Estimate single-qubit error rate of i-th qubit and its standard error.

This is the probability of getting an error on the i-th logical qubit, marginalized over the other logical qubits.

Parameters:
  • effective_error_list – List of many logical effective errors produced by simulation, each of which is given in bsf format.

  • n (int) – The index of the logical qubit on which estimation is to be done.

  • error_type – Type of Pauli error to calculate error for, i.e. ‘X’, ‘Y’ or ‘Z’ If None is given, then rate for any error is estimated.

Returns:

  • p_i_est (float) – Single-qubit error rate estimator.

  • p_i_se (float) – Standard error for the estimator.

panqec.analysis.get_standard_error(estimator, n_samples)

Get the standard error of mean estimator.

Parameters:
  • estimator (float) – Number of hits divided by number of samples.

  • n_samples (int) – Number of samples.

Returns:

standard_error – The standard error taken as the standard deviation of a Beta distribution.

Return type:

float

panqec.analysis.get_word_error_rate(p_est, p_se, k) Tuple

Calculate the word error rate and its standard error.

Parameters:
  • p_est (Numerical) – Value or array of estimated logical error rate.

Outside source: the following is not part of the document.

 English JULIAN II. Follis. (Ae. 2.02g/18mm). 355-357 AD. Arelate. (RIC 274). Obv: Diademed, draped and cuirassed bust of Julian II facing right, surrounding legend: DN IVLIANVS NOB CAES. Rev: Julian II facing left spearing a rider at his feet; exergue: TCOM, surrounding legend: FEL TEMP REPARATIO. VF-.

  • p_se (Numerical) – Value or array of standard error on logical error rate.

  • k (Numerical) – Number of logical qubits, as value or array.

Returns:

  • p_est_word (Numerical) – Value or array of estimated word error rate.

  • p_se_word (Numerical) – Value or array of standard error of word error rate.

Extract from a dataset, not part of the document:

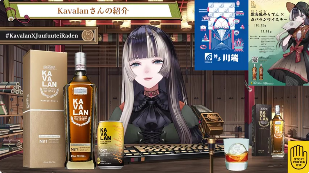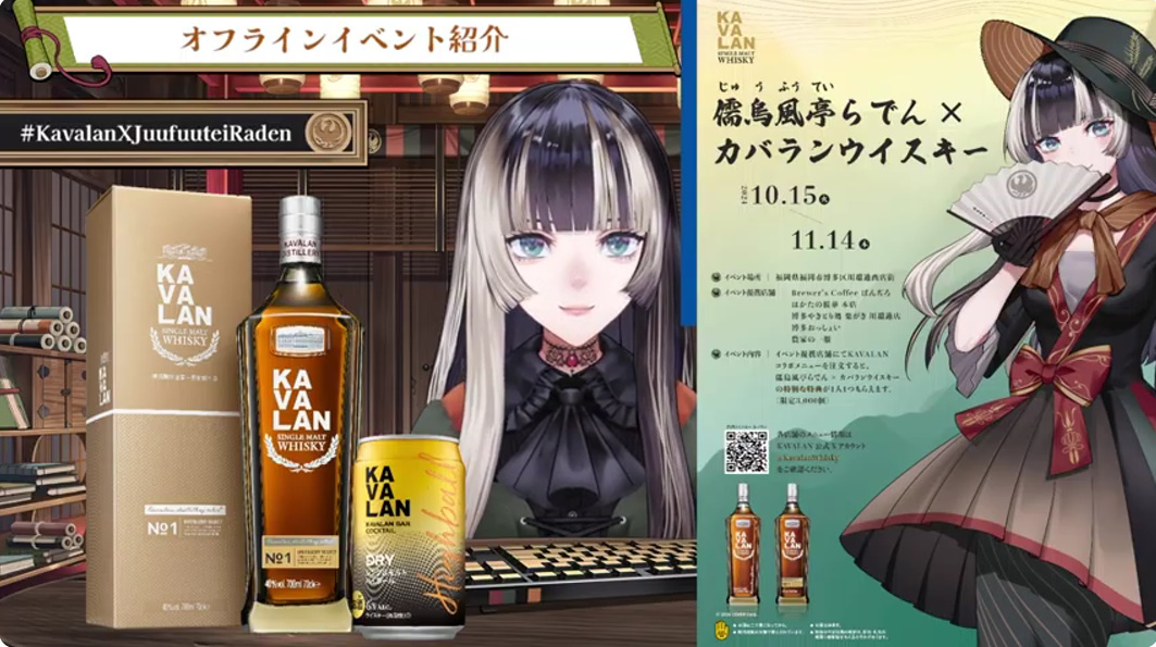 來自台灣的知名威士忌品牌「噶瑪蘭威士忌」(Kavalan Single Malt Whisky)於今(9)日宣布,和虛擬偶像事務所 hololive production 旗下團體 ReGLOSS 成員「儒烏風亭螺鈿」(儒烏風亭らでん)將從 10 月 15 日起至 11 月 14 日展開限期合作。

panqec.analysis.infer_error_model_family(label: str) str

Infer the error_model family from the error_model label.

Parameters:

label (str) – The error_model label.

Returns:

family – The error_model family. If the family cannot be inferred, the original code label is returned.

Return type:

str

Examples

>>> infer_error_model_family('Deformed XZZX Pauli X0.0161Y0.0161Z0.9677')
'Deformed XZZX Pauli'
>>> infer_error_model_family('Pauli X0.0000Y0.0000Z1.0000')
'Pauli'
panqec.analysis.read_entry(data: List | Dict, results_file: str | None = None) List[Dict]

List of entries from data in list or dict format.

Returns an empty list if it is not a valid results dict.

Parameters:
  • data (Union[List, Dict]) – The data that is parsed raw from a results file.

  • results_path (str) – The path to the results directory or .zip file.

Returns:

entries – The list of entries, each of which corresponds to a results file.

Return type:

List[Dict]

panqec.analysis.subthreshold_scaling(results_df, chosen_probabilities=None)

Do subthreshold scaling analysis.

This was a legacy method where we tried many different fitting ansatzs.